INPUT:
>>>
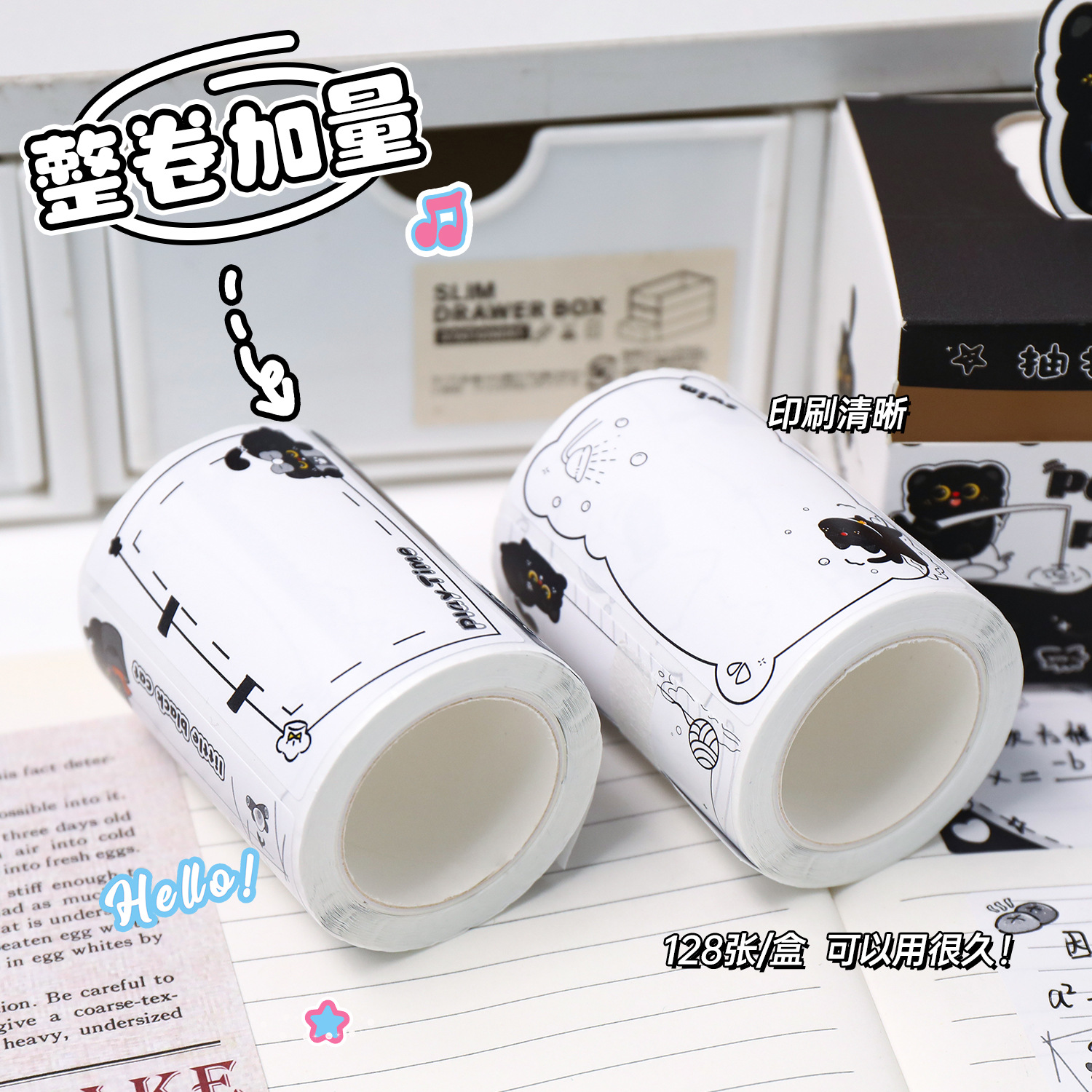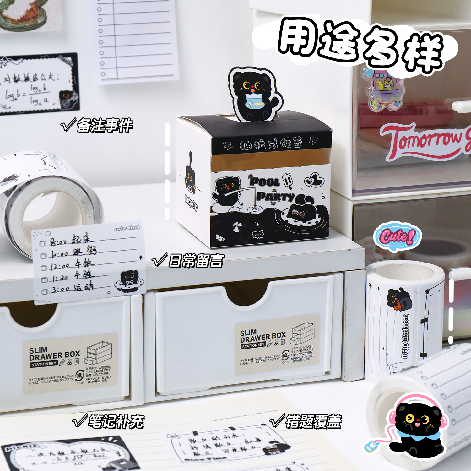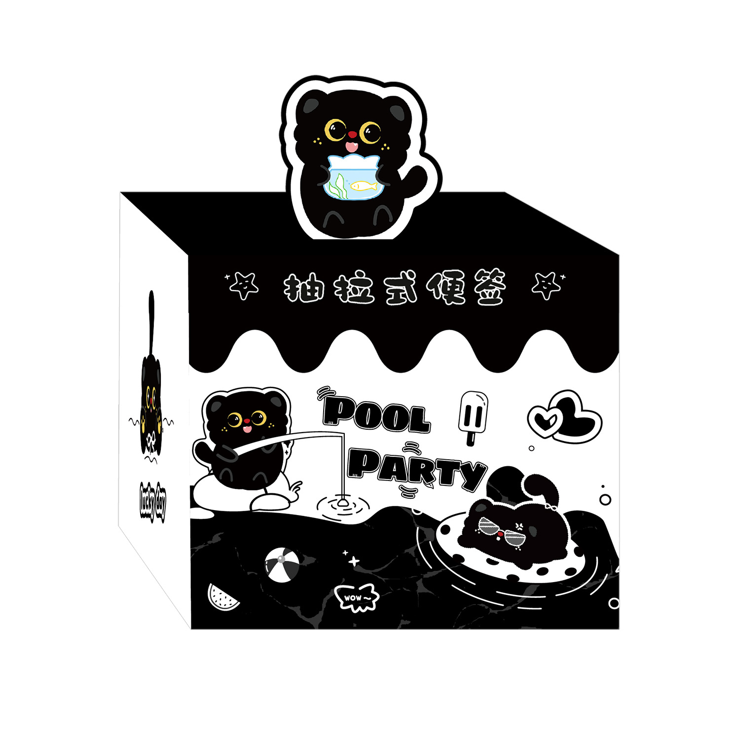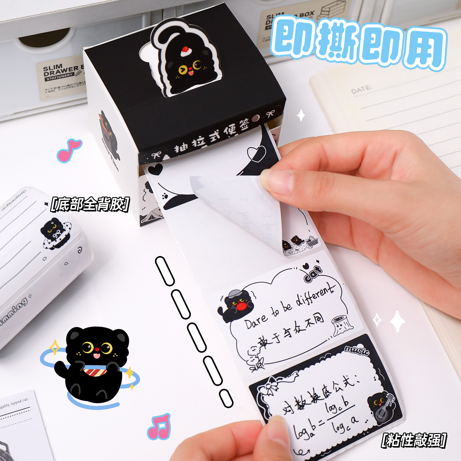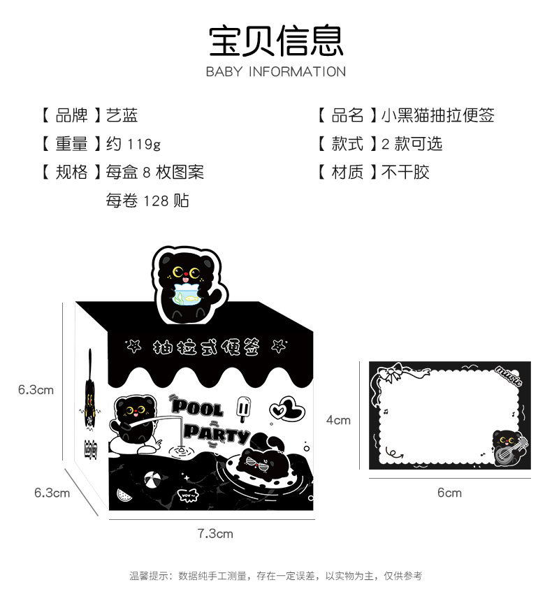 작은 검은 고양이 풀아웃 스티커 메모 학생 메시지 메모 메모 박스형 검은 고양이 메모 사무실 메시지 스티커
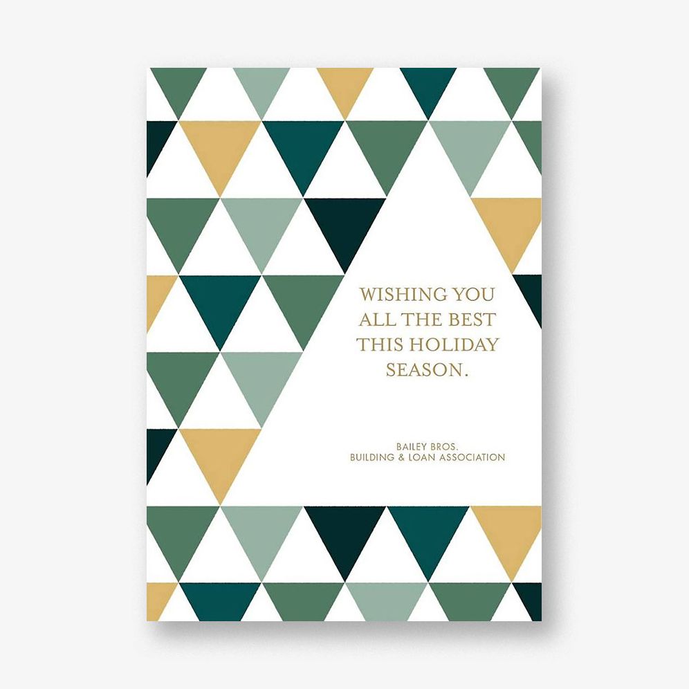 With its minimalist yet impactful approach. this card captures the essence of the holidays through clean lines and modern aesthetics. Printed on Mohawk 120.0 lb Superfine Ultra White. This paper is FSC certified. with 30% post consumer recycled content. and made using wind power.
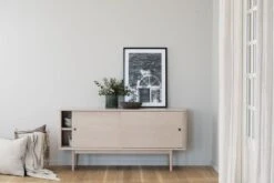 Laadukas ja tyylikkäästi muotoiltu Dawsone senkki. Materiaali viilutettua kalustelevyä ja tammea. Senkin leveys on 150 cm, kahdella liukuovella oleva senkki, joka tarjoaa runsaasi säilytystilaa. Korkeat, viistomaiset jalat keventävät ilmettä. Kantavuus 10kg/hylly.
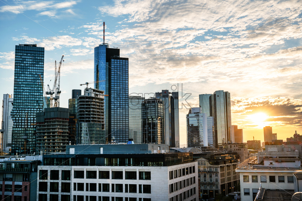 Cityscape of Frankfurt downtown at sunset, Germany. Multiple skyscrapers, residential and office buildings
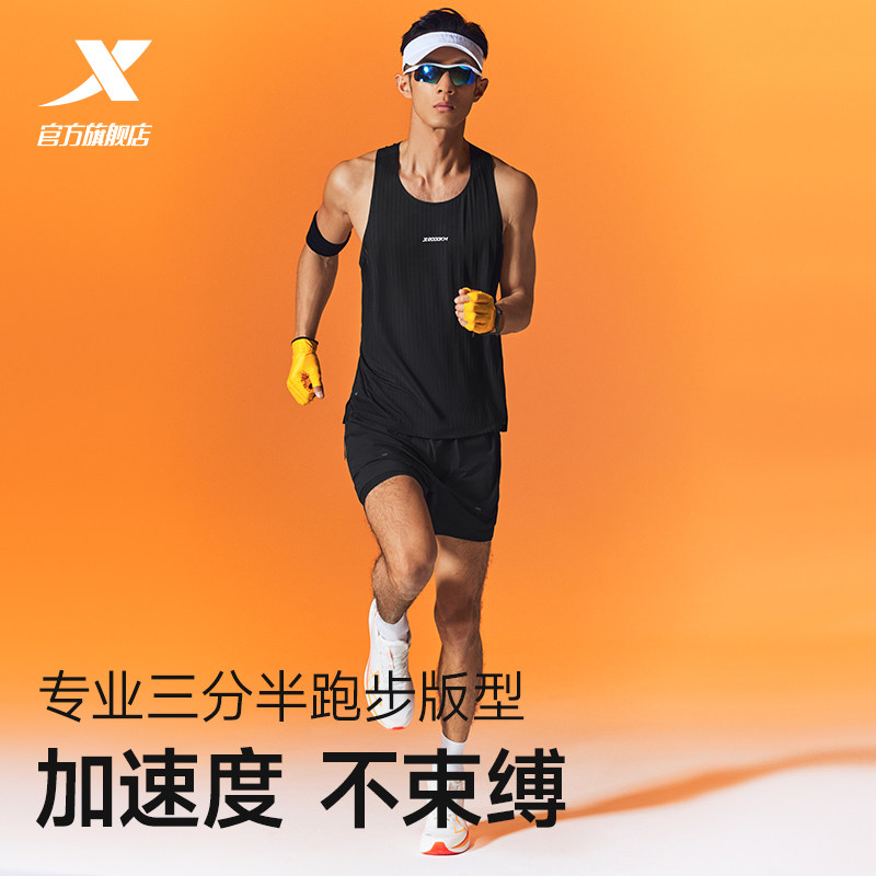 李宁跑步短裤男款速干马拉松田径运动三分裤夏季假两件带内衬健身
<<<
EXERCISE DIRECTIONS: Leave out any pictures and return exactly the lines from the beginning of the data through the line with "Laadukas ja tyylikkäästi", inclusive.

FINISHED EXERCISE:
 작은 검은 고양이 풀아웃 스티커 메모 학생 메시지 메모 메모 박스형 검은 고양이 메모 사무실 메시지 스티커
 With its minimalist yet impactful approach. this card captures the essence of the holidays through clean lines and modern aesthetics. Printed on Mohawk 120.0 lb Superfine Ultra White. This paper is FSC certified. with 30% post consumer recycled content. and made using wind power.
 Laadukas ja tyylikkäästi muotoiltu Dawsone senkki. Materiaali viilutettua kalustelevyä ja tammea. Senkin leveys on 150 cm, kahdella liukuovella oleva senkki, joka tarjoaa runsaasi säilytystilaa. Korkeat, viistomaiset jalat keventävät ilmettä. Kantavuus 10kg/hylly.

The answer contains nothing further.